G&STC's Director Talks with Allure About How to Discuss Sexual Boundaries and Consent
CHECK OUT G&STC DIRECTOR, JESSE KAHN TALK WITH KAI AT ALLURE ABOUT “HOW TO DISCUSS SEXUAL BOUNDARIES AND CONSENT ”
They (yes/no/maybe lists!) help start a healthy conversation about boundaries.
Usually, the dissonance between the sex you’re having and the sex you crave is fear of rejection or deep-rooted sexual shame. If you struggle to communicate with partners, Jesse Kahn, LCSW, CST, and Director/Sex Therapist at the Gender & Sexuality Therapy Center, advises to first explore why you’re having trouble: Is it because of fear or shame? “When we get clear on the subtext and meaning informing our struggles, we can start understanding and talk to those parts of ourselves with love, compassion, and support,” says Kahn. “It also creates space to understand the feelings as part of ourselves and part of our experiences, rather than all of ourselves.”
They can be used in the context of your masturbation practice.

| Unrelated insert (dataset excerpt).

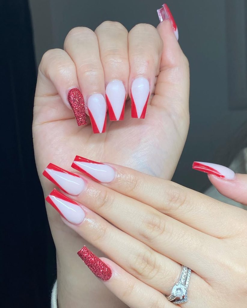 Best when it is simple and dramatic, this collection suits a medium to long nail. The fingers are longened with the red tips and the glitter accent is the adorable finishing touch. These nails can be manipulated to suit December events, whether family dinners or holiday parties, and therefore make them flexible and trendy inspo.

While these lists are most often discussed in the context of partnered sex and enhancing consensual communication, I find them incredibly healing for individual practice as well. The longest and most important sexual relationship you will ever have is with yourself. That deserves the same attention you would give a partner. “[A yes/no/maybe list] can help distinguish between what we want versus what we think we're supposed to want, which is often an obstacle in creating satisfying and pleasurable sex,” explains Kahn.
They allow you to see your own growth over time.
“When we are self-aware of our own sexual desires and boundaries we can communicate them and engage in co-creating a satisfying and pleasurable sex life that is informed by one's desire,” explains Kahn. Sexual self-awareness not only eases the ability to communicate with partners but ensures that you don’t get stuck in a rut of having sex you are no longer excited by.